## Work instruction
Everything in the listing should be set down exactly, apart from the pictures.

## Provided data
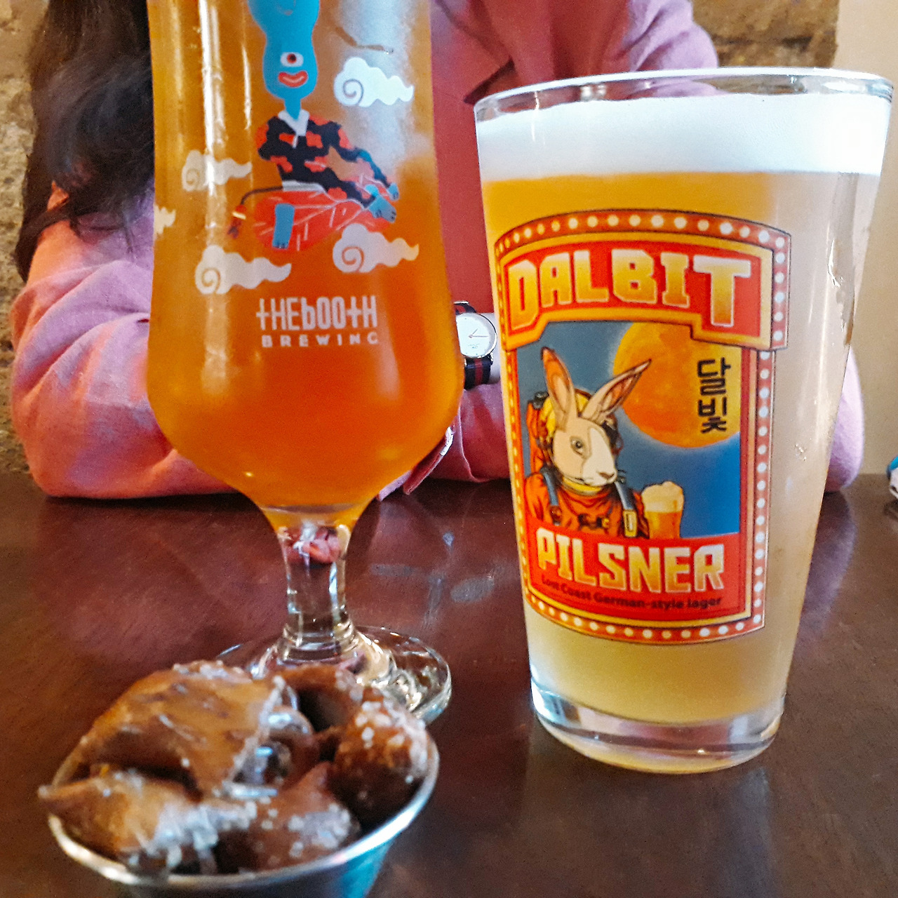 각자의 일을 끝마치고 우리는 시내에서 만났다. 익선동 모술집에서 나는 달빛필스너를, 미인은 국민IPA를 마셨다. 달빛필스너를 살짝 맛본 미인은 "먼지향이 난다"며 고개를 절레절레 흔들었다.
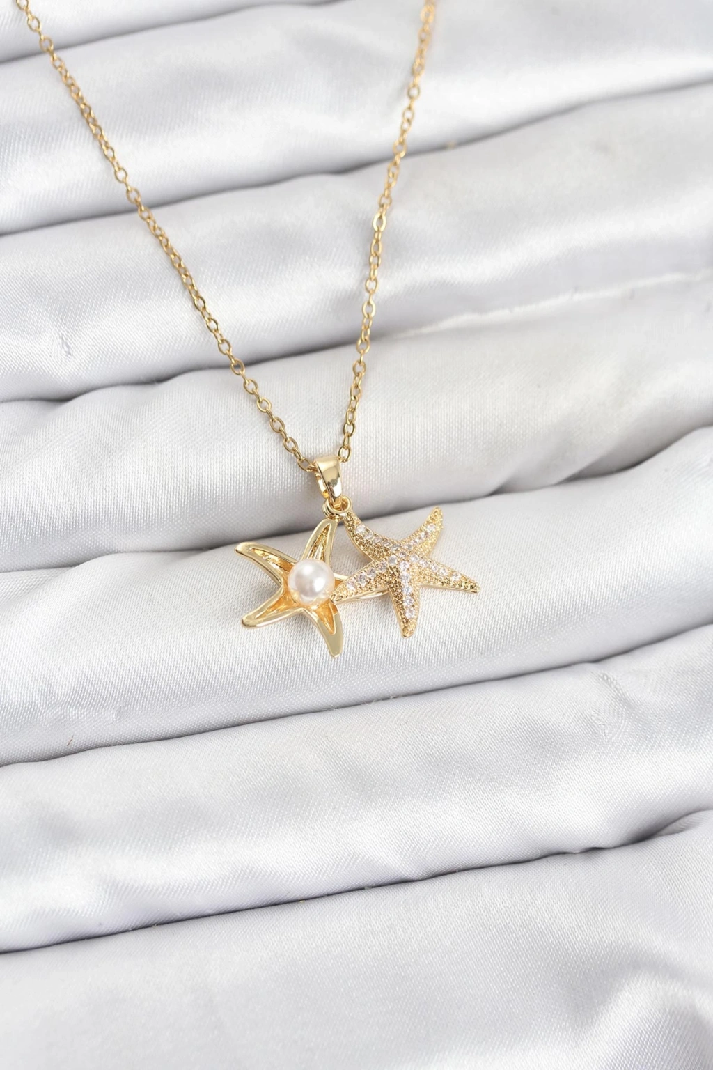 316L Çelik Zincir Gold Renk Deniz Yıldızı Model Zirkon Taşlı Kadın Kolye
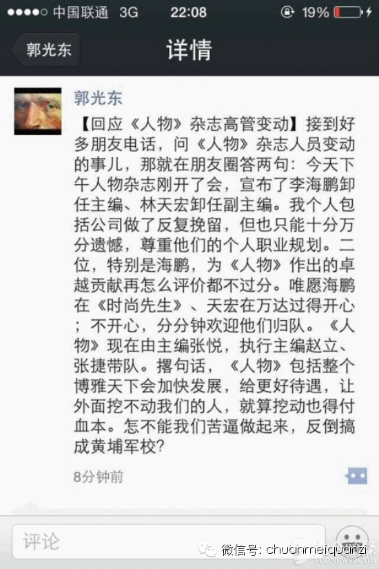 4月17日晚,《人物》杂志出版人、博雅天下传播机构副总裁郭光东,通过新浪微博和微信圈,正式回应了《人物》杂志高管离职一事,他确认李海鹏、林天宏在昨天下午正式卸任主编、副主编一职,分别加盟《时尚先生》和万达。林天宏任职于万达的内刊系统推测。

## Exercise answer
 각자의 일을 끝마치고 우리는 시내에서 만났다. 익선동 모술집에서 나는 달빛필스너를, 미인은 국민IPA를 마셨다. 달빛필스너를 살짝 맛본 미인은 "먼지향이 난다"며 고개를 절레절레 흔들었다.
 316L Çelik Zincir Gold Renk Deniz Yıldızı Model Zirkon Taşlı Kadın Kolye
 4月17日晚,《人物》杂志出版人、博雅天下传播机构副总裁郭光东,通过新浪微博和微信圈,正式回应了《人物》杂志高管离职一事,他确认李海鹏、林天宏在昨天下午正式卸任主编、副主编一职,分别加盟《时尚先生》和万达。林天宏任职于万达的内刊系统推测。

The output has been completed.